Conte: Les Betsileo ne mangent pas le bœuf sans cornes - Raymond DECARY

Publié le par Alain GYRE

 

Les Betsileo ne mangent pas le bœuf sans cornes (1)

Conte Bara, recueilli à Manja

 

Il y avait une vieille femme qui était happée par le caïman (2).

Elle fit semblant d'être morte et le caïman l'emmena dans son abri (3).

Là, il est bien sec, la vieille respire bien.

Après, le caïman sortit pour se promener.

Soudain une vache sans cornes foula (4) au-dessus de la vieille femme et troua l'abri.

La pauvre vieille femme ayant vu la patte de ce bœuf, elle la prit et la tira fortement.

Le bœuf faisant sortir la patte, tira la femme et la fit sauver.

La vieille femme remercia l'animal et ajouta :

« Si quelqu'un mange du bœuf sans cornes, qu'il soit maudit, lui et les siens, qu'il ne vive pas longtemps sur cette terre ancestrale » (5).

Voilà pourquoi il est interdit de manger l'omby bory (6).

 

Notes :

(1) II arrive parfois que des Bovidés des deux sexes naissent totalement dépourvus de cornes ; on les nomme omby bory (le mot bory a le sens de « sans rien qui dépasse, écourté). Dans certaines régions, ils étaient autrefois employés comme montures ; parfaitement dressés, s'agenouillant et se levant au commandement, ils pouvaient accomplir d'assez longs trajets, mais les voyageurs qui les utilisaient étaient terriblement secoués, surtout quand l'animal se mettait à trotter. Les bœufs sans cornes, considérés comme incomplets, ne peuvent être offerts en sacrifice aux ancêtres ; les Betsimisaraka, de leur côté, ne les abattent jamais pour leur consommation. Par extension, on donne aussi le nom de omby bory aux animaux qui ont de petites cornes mobiles pendantes, ainsi qu'à ceux dont on a scié les cornes afin, dit-on, qu'ils prennent une apparence de cheval. (2) Le terme de caïman est très employé — et à tort — à Madagascar. Il s'agit en réalité du crocodile. Les caractères différentiels des deux genres, Crocodile et Caïman, se trouvent dans le nombre de dents et dans le crane. Chez le crocodile, la quatrième dent mandibulaire s'encastre, la bouche étant fermée, dans une en- coche, une gouttière de la mâchoire supérieure, tandis que, chez le caïman, elle s'enfonce dans une fossette. On notera aussi que le crocodile possède deux grands pores placés sous la mâchoire inférieure, par lesquels suinte une humeur grasse et visqueuse. Les Sakalava ont déclaré autrefois à A. Grandidier que ce sont des sortes d'yeux supplémentaires qui lui servent à voir sous l'eau.

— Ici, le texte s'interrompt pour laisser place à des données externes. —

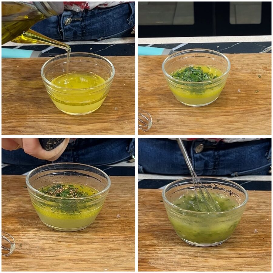 Enquanto isso, prepare uma emulsão misturando azeite extravirgem, suco de limão, salsinha picada e uma pitada de pimenta. Bata bem com um garfo até obter um molho perfumado e bem homogêneo.
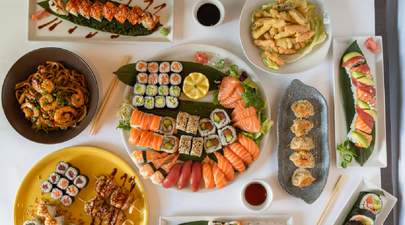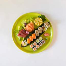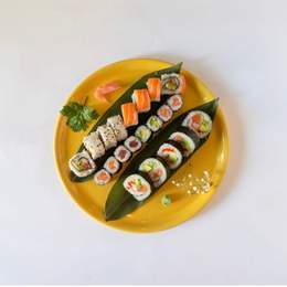 4 uramaki sombrero de salmón, Philadelphia, aguacate y surimi + 4 California de salmón, aguacate, surimi, pepino y mayonesa + 4 makis de salmón + 4 makis de aguacate + 3 sashimi de salmón + 3 sashimi de atún

(3) Le plus souvent, le crocodile ne dévore pas immédiatement la proie qu'il a saisie, surtout quand elle est très volumineuse, bœuf ou être humain. Il l'en- traîne dans son abri où il lui laisse subir un commencement de décomposition. Les abris, creusés sous les berges des rivières, consolidés par les racines des arbres en bordure, peuvent atteindre cinq à six mètres de long. L'entrée en est, au moins en partie dans l'eau, mais leur sol va en montant légèrement et l'autre extrémité est toujours à sec. Le crocodile s'y tapit, reposant souvent sur un véritable lit de tortues d'eau, qui vivent en commensales dans cette retraite.

(4) Le sol.

(5) Dans ce conte, c'est un bœuf qui sauve la vie d'une femme happée par le crocodile. Mais il est, dans les tribus malgaches, d'autres contes du même genre, où la femme, entraînée par le voay dans les profondeurs de sa retraite, parvient à se sauver grâce à d'autres animaux, par exemple grâce au chant d'un oiseau, assez fort pour percer la faible épaisseur de terre, lui faisant ainsi comprendre qu'elle pouvait s'enfuir en perçant sans trop de peine un trou dans le plafond. Et bien entendu, l'oiseau devient alors sacré pour la femme et son clan.